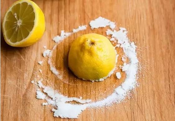 檸檬切兩半,擠壓出汁,撒上鹽,用檸檬蘸上鹽擦洗砧板表面,
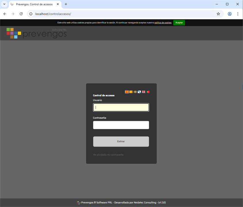 - Web Control Accesos en local: localhost/controlaccesos
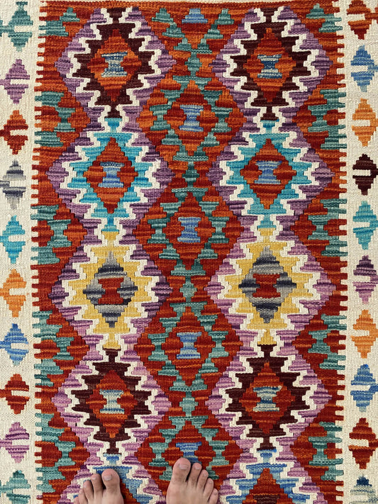 Handmade Afghan Chobi Kilim Rug 128x78 cm KAS#724
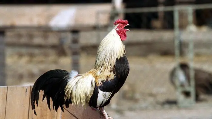 Ein Hahn steht auf einer Holzwand | Das Hausgeflügel des erkrankten US-Amerikaners dürfte Kontakt zu Wildvögeln gehabt haben (Symbolfoto)
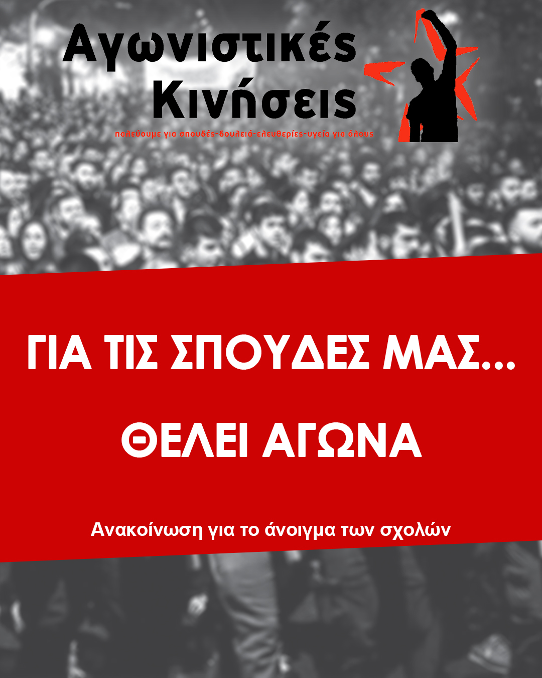 Εμείς από την άλλη θέλουμε σπουδές και ζωή με δικαιώματα! Όπως αυτοί, το σύστημα και οι κυβερνήσεις του μαζί με τους καθηγητές και τους πρυτάνεις, πολιτικά και οργανωμένα μας χτυπάνε, έτσι κι εμείς πολιτικά και οργανωμένα πρέπει να απαντήσουμε. Αυτή η απάντηση πρέπει να είναι συλλογική, όχι ο καθένας μόνος του όπως μας έχουν μάθει. Γι’ αυτό υπάρχουν οι φοιτητικοί μας σύλλογοι. Κάθε εγγεγραμμένος φοιτητής της σχολής ανήκει στον φοιτητικό σύλλογο που μαζί με το διοικητικό συμβούλιο και τις γενικές συνελεύσεις αποτελούν τα μόνα όργανα πάλης μας. Εκεί είναι το πεδίο στο οποίο μπορούμε να συζητήσουμε, να συνεννοηθούμε με τους συμφοιτητές μας και να βρούμε λύσεις στα κοινά μας προβλήματα. Μόνο μέσα από τη συλλογικότητα, την οργάνωση και τον αγώνα. Με συνελεύσεις, καταλήψεις και διαδηλώσεις, μπορούμε να δούμε καλύτερες μέρες!
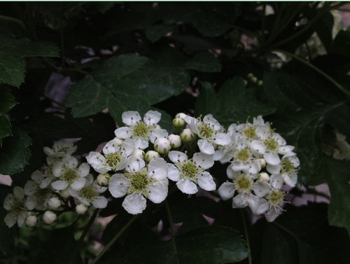 近日,上海辰山植物园(中国科学院上海辰山植物科学研究中心)岩石药用园内几株山楂树(Crataegus pinnatifida),进入了盛花期,满树的洁白的小花,远远看去就像一朵朵白云漂浮在空中。

____________

* [ASSIGNED TASK]: Restate, word for word, all of the material above, leaving out the images.

* [TASK SOLUTION]:
 檸檬切兩半,擠壓出汁,撒上鹽,用檸檬蘸上鹽擦洗砧板表面,
 - Web Control Accesos en local: localhost/controlaccesos
 Handmade Afghan Chobi Kilim Rug 128x78 cm KAS#724
 Ein Hahn steht auf einer Holzwand | Das Hausgeflügel des erkrankten US-Amerikaners dürfte Kontakt zu Wildvögeln gehabt haben (Symbolfoto)
 Εμείς από την άλλη θέλουμε σπουδές και ζωή με δικαιώματα! Όπως αυτοί, το σύστημα και οι κυβερνήσεις του μαζί με τους καθηγητές και τους πρυτάνεις, πολιτικά και οργανωμένα μας χτυπάνε, έτσι κι εμείς πολιτικά και οργανωμένα πρέπει να απαντήσουμε. Αυτή η απάντηση πρέπει να είναι συλλογική, όχι ο καθένας μόνος του όπως μας έχουν μάθει. Γι’ αυτό υπάρχουν οι φοιτητικοί μας σύλλογοι. Κάθε εγγεγραμμένος φοιτητής της σχολής ανήκει στον φοιτητικό σύλλογο που μαζί με το διοικητικό συμβούλιο και τις γενικές συνελεύσεις αποτελούν τα μόνα όργανα πάλης μας. Εκεί είναι το πεδίο στο οποίο μπορούμε να συζητήσουμε, να συνεννοηθούμε με τους συμφοιτητές μας και να βρούμε λύσεις στα κοινά μας προβλήματα. Μόνο μέσα από τη συλλογικότητα, την οργάνωση και τον αγώνα. Με συνελεύσεις, καταλήψεις και διαδηλώσεις, μπορούμε να δούμε καλύτερες μέρες!
 近日,上海辰山植物园(中国科学院上海辰山植物科学研究中心)岩石药用园内几株山楂树(Crataegus pinnatifida),进入了盛花期,满树的洁白的小花,远远看去就像一朵朵白云漂浮在空中。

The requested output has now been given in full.